ADJUST DOSE: Coadministration with efavirenz may decrease the plasma concentrations of lopinavir, even in the presence of low-dose ritonavir as a pharmacokinetic booster. The proposed mechanism is efavirenz induction of lopinavir metabolism via CYP450 3A4. In a parallel group study consisting of healthy, HIV-negative subjects, coadministration of lopinavir-ritonavir (400 mg-100 mg capsule twice a day) with efavirenz (600 mg once daily) for nine days resulted in a 19% relative decrease in lopinavir systemic exposure (AUC) and a 39% relative decrease in trough plasma concentration (Cmin) in 11 subjects compared to administration of lopinavir-ritonavir alone in 7 subjects. Efavirenz Cmax and AUC were also reduced by 16% each compared to administration of efavirenz alone in 12 healthy subjects. When the dosage of lopinavir-ritonavir was increased to 500 mg-125 mg (two 200 mg-50 mg tablets and one 100 mg-25 mg tablet) twice daily and coadministered with efavirenz for nine days in 19 healthy subjects, similar lopinavir concentrations were observed compared to lopinavir-ritonavir 400 mg-100 mg (two 200 mg-50 mg tablets) administered twice daily without efavirenz. By contrast, when the lopinavir-ritonavir dosage was increased to 600 mg-150 mg (three 200 mg-50 mg tablets) twice daily and coadministered with efavirenz for nine days in 23 healthy subjects, lopinavir plasma concentrations were significantly increased by approximately 35% and ritonavir concentrations by 56% to 92% compared to lopinavir-ritonavir 400 mg-100 mg (two 200 mg-50 mg tablets) administered twice daily without efavirenz. The clinical significance in terms of safety and efficacy is unknown. In healthy volunteers, lopinavir-ritonavir did not significantly affect the plasma concentrations of efavirenz. However, due to study discontinuations, there was limited power to detect changes in efavirenz pharmacokinetics in the presence of lopinavir-ritonavir.

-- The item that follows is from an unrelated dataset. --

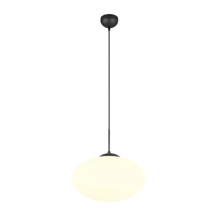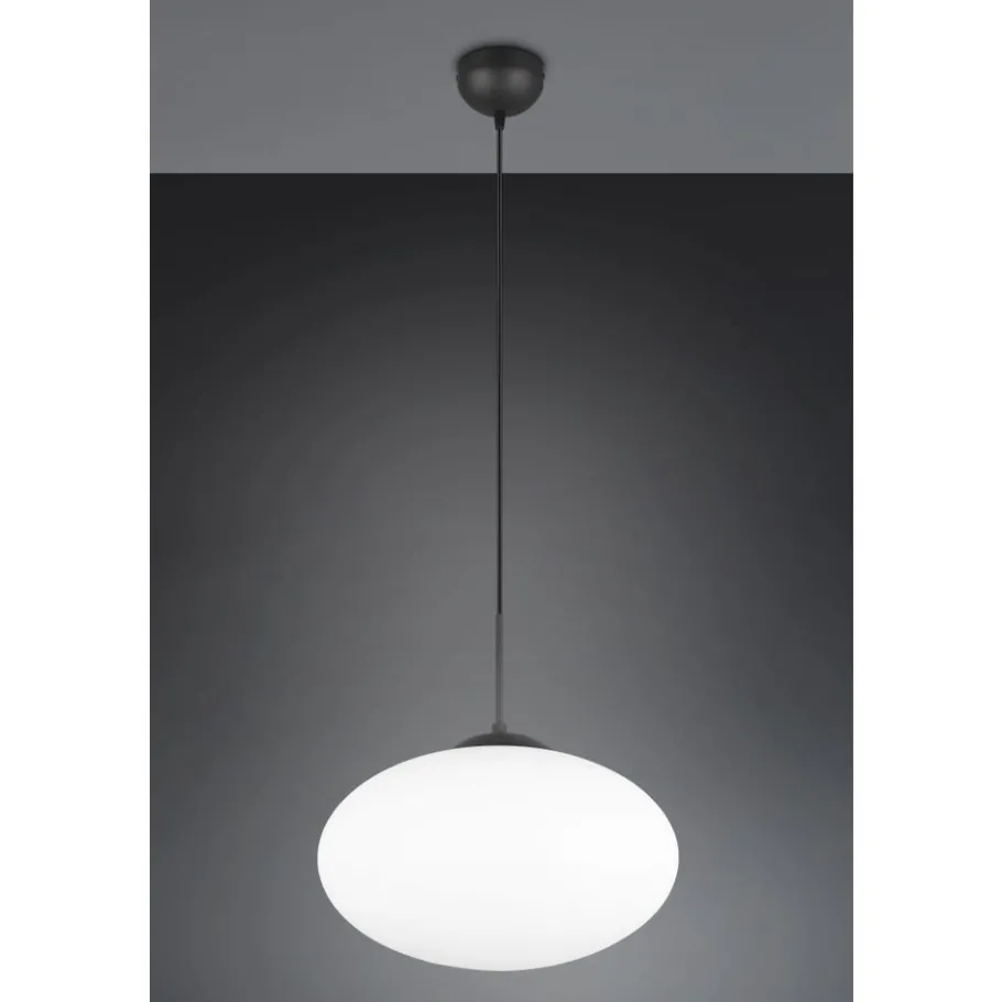 De FOMENTO hanglamp creëert zachte accenten boven je eet- of woonkamertafel. De elegante, ellipsvormige lampkop van opaalglas geeft het armatuur een speciale touch en verspreidt het licht aangenaam in de omgeving. De combinatie van mat zwart en wit glas creëert tegelijkertijd een vleugje elegantie en verfijning. Het gebruik van LED lichtbronnen wordt aanbevolen voor energiebesparende verlichting. Deze vormen een ideaal alternatief voor conventionele halogeenlichtbronnen en bieden een hoge lichtkwaliteit en energiebesparingen tot 80%. Met LED lichtbronnen profiteert u ook van een lange levensduur en een lage warmteontwikkeling, terwijl het milieu wordt beschermd.

MANAGEMENT: A dosage increase is recommended for lopinavir-ritonavir when used in combination with efavirenz. For adults, the dosage should be increased to 500 mg-125 mg (two 200 mg-50 mg tablets and one 100 mg-25 mg tablet) twice daily for the tablets and 533 mg-133 mg (6.5 mL) twice daily for the oral solution. Lopinavir-ritonavir should not be administered as a once daily regimen in combination with efavirenz. For pediatric patients 6 months to 18 years of age, the dosage should be increased to 300 mg-75 mg/m2 twice daily for the oral solution in both treatment-naive and treatment-experienced patients, not to exceed the recommended adult dosage of 533 mg-133 mg (6.5 mL) twice daily. If weight-based dosing is preferred, the recommended dosage is 13 mg-3.25 mg/kg given twice daily for patients under 15 kg and 11 mg-2.75 mg/kg given twice daily for patients 15 kg to 45 kg. Pediatric patients weighing more than 45 kg should receive the adult dosage of lopinavir-ritonavir. Please consult the manufacturer's product labeling for pediatric dosing of the tablet formulation. Lopinavir-ritonavir should not be administered in combination with efavirenz in patients under 6 months of age due to the lack of clinical data.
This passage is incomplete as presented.